MATERIAL PROVIDED Block Start

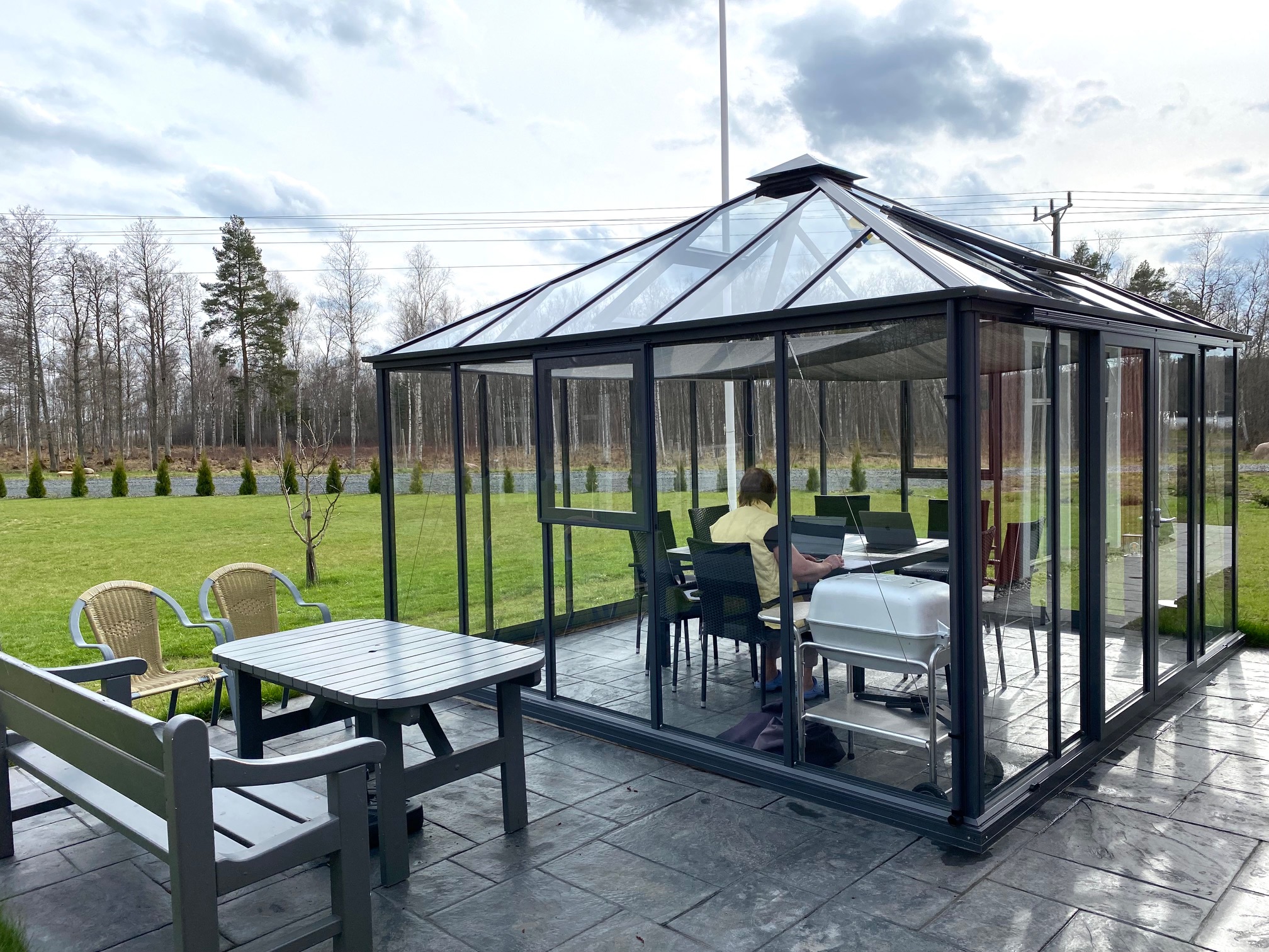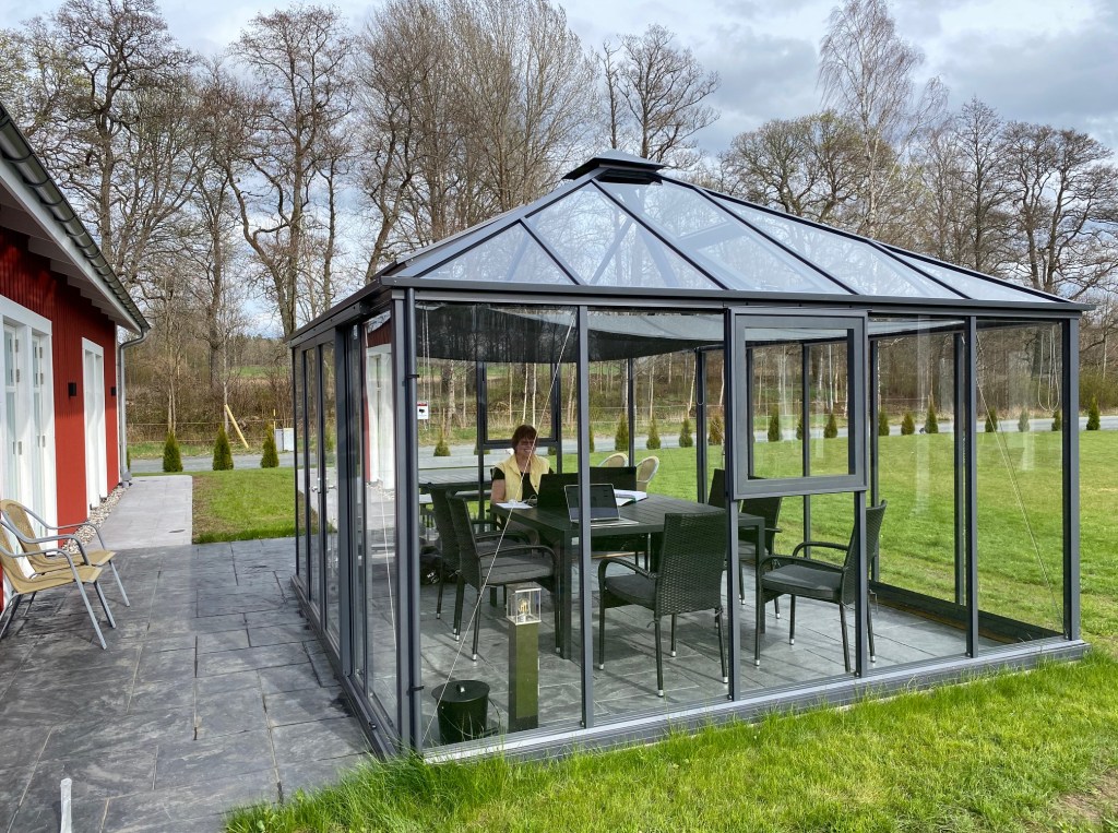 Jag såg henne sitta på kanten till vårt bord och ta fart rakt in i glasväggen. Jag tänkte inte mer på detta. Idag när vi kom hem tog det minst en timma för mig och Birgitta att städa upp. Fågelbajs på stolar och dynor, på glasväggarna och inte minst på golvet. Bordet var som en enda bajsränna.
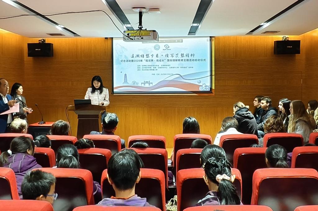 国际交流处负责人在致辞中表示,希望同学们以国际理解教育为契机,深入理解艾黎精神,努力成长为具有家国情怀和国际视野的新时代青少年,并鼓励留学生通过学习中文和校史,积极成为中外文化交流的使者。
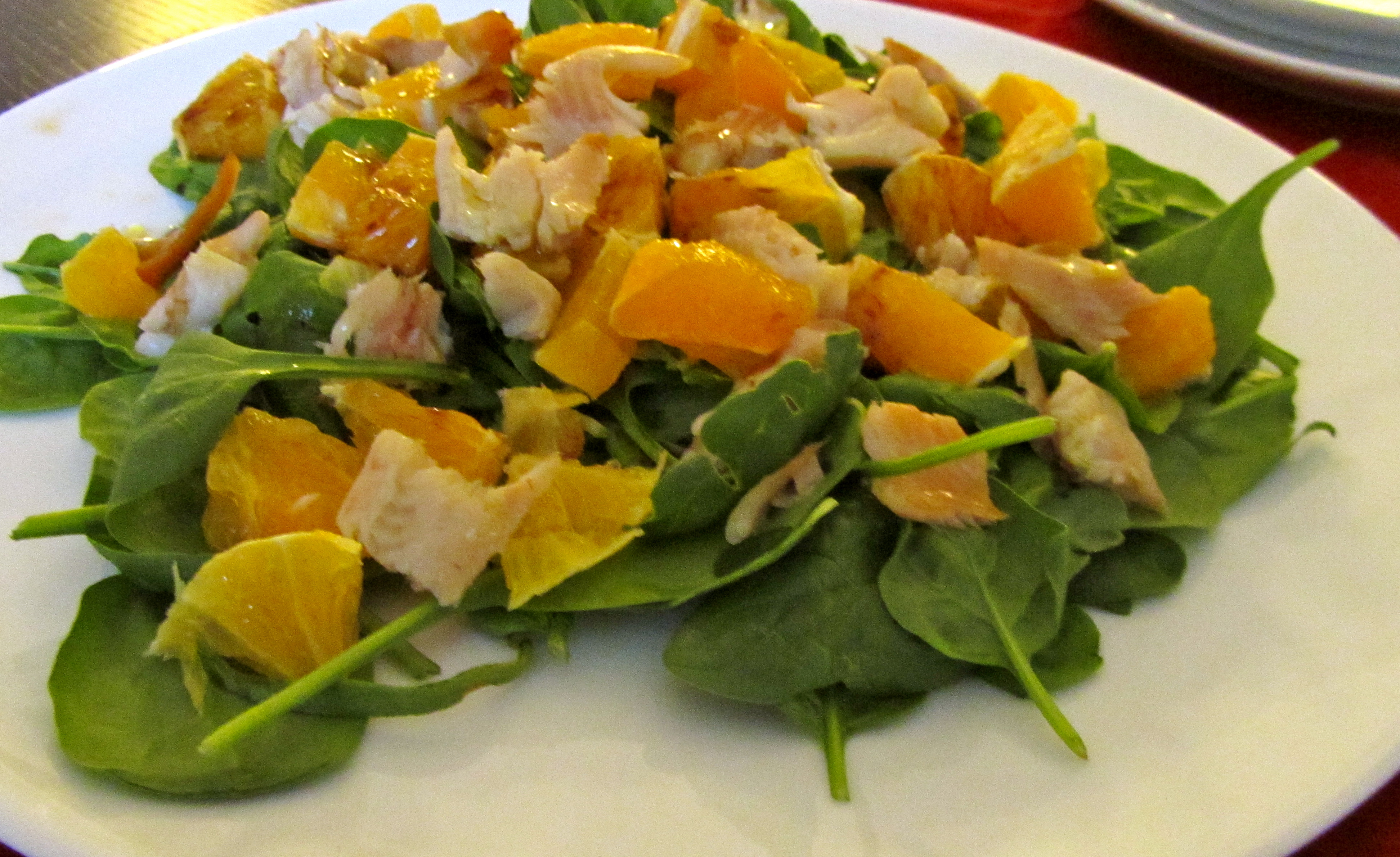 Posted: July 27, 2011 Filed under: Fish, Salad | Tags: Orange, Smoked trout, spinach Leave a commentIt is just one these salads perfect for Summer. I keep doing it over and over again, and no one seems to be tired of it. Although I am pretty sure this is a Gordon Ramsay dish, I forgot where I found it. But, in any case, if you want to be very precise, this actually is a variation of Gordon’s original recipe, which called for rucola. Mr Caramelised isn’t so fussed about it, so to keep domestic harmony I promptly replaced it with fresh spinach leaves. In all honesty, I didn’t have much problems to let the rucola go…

MATERIAL PROVIDED Block End

Write down the full listing above exactly as it is, except for any images.

→ **YOUR SOLUTION**
 Jag såg henne sitta på kanten till vårt bord och ta fart rakt in i glasväggen. Jag tänkte inte mer på detta. Idag när vi kom hem tog det minst en timma för mig och Birgitta att städa upp. Fågelbajs på stolar och dynor, på glasväggarna och inte minst på golvet. Bordet var som en enda bajsränna.
 国际交流处负责人在致辞中表示,希望同学们以国际理解教育为契机,深入理解艾黎精神,努力成长为具有家国情怀和国际视野的新时代青少年,并鼓励留学生通过学习中文和校史,积极成为中外文化交流的使者。
 Posted: July 27, 2011 Filed under: Fish, Salad | Tags: Orange, Smoked trout, spinach Leave a commentIt is just one these salads perfect for Summer. I keep doing it over and over again, and no one seems to be tired of it. Although I am pretty sure this is a Gordon Ramsay dish, I forgot where I found it. But, in any case, if you want to be very precise, this actually is a variation of Gordon’s original recipe, which called for rucola. Mr Caramelised isn’t so fussed about it, so to keep domestic harmony I promptly replaced it with fresh spinach leaves. In all honesty, I didn’t have much problems to let the rucola go…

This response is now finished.